🤖 AI Summary
To address the prohibitive computational and memory overhead of full-graph retraining in large-scale dynamic graph structure learning, this paper proposes the first incremental and scalable graph structure learning framework. The method innovatively integrates graph clustering with multi-granularity graph coarsening to jointly identify structurally relevant node subsets, drastically reducing the search space. It supports incremental optimization and is compatible with diverse GNN architectures, enabling efficient real-time topology updates. The framework is highly generalizable, offering 48 configurable strategies for task-specific adaptation. Evaluated on 26 benchmark datasets, it achieves state-of-the-art performance, reduces peak training memory consumption by up to 73%, and accelerates inference by up to 5.2×, effectively overcoming scalability bottlenecks in dynamic graph structure learning.
📝 Abstract
Graph structure learning is a core problem in graph-based machine learning, essential for uncovering latent relationships and ensuring model interpretability.
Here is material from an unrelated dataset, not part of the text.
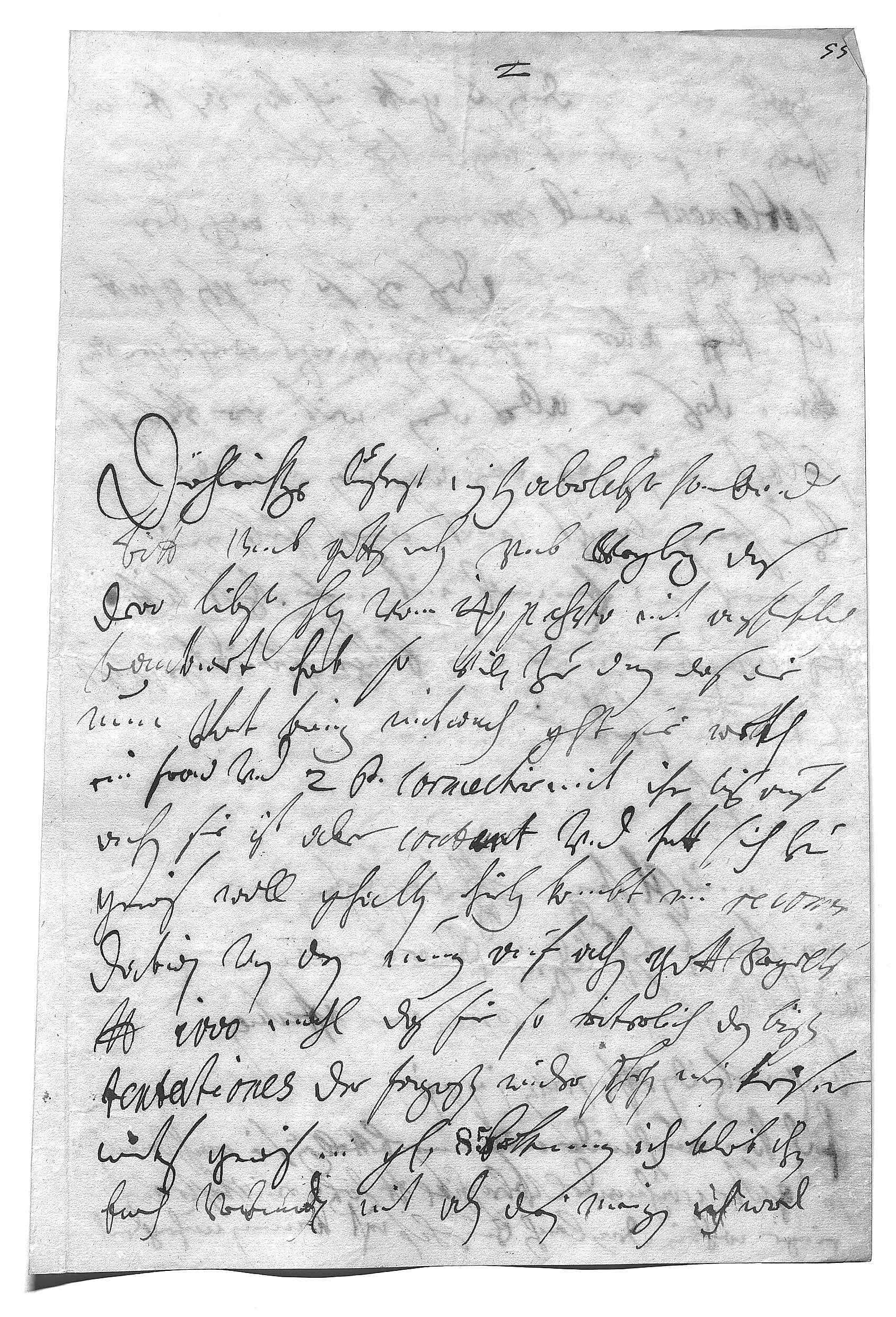 0001Dörchleüchtiger Curfürst, mein herz alerlibster herr bruder 0002Bitt vmb gotts wiln vmb vergebung, das 0003dero libste schreiben vom 14ten pasato nit ausführlich 0004beantwort, hab so vil zu duen, das die 0005nun vort bring. Mitwoch geht sie wekh, 0006ein fraw vnd 2 pater cormelitir mit ihr bis auf 0007Achen, sie ist aler content vnd hatt sich hir 0008gewis woll gehalten. Hirbey kombt ein recomen- 0009dation von den nunen auf Achen. Gott vergelts 0010dero Liebden 1000 mahl, das sie so riterlich den bösen 0011tentationes der franzoßen wider stehen, mein Keiser 0012wirts gewis in gnaden erkennen, ich bleib ihnen 0013ewich verbunden mit alen den meinigen. Ich werd

However, most existing approaches are ill-suited for large-scale and dynamically evolving graphs, as they often require complete re-learning of the structure upon the arrival of new nodes and incur substantial computational and memory costs. In this work, we propose GraphFLEx: a unified and scalable framework for Graph Structure Learning in Large and Expanding Graphs. GraphFLEx mitigates the scalability bottlenecks by restricting edge formation to structurally relevant subsets of nodes identified through a combination of clustering and coarsening techniques. This dramatically reduces the search space and enables efficient, incremental graph updates. The framework supports 48 flexible configurations by integrating diverse choices of learning paradigms, coarsening strategies, and clustering methods, making it adaptable to a wide range of graph settings and learning objectives. Extensive experiments across 26 diverse datasets and Graph Neural Network architectures demonstrate that GraphFLEx achieves state-of-the-art performance with significantly improved scalability.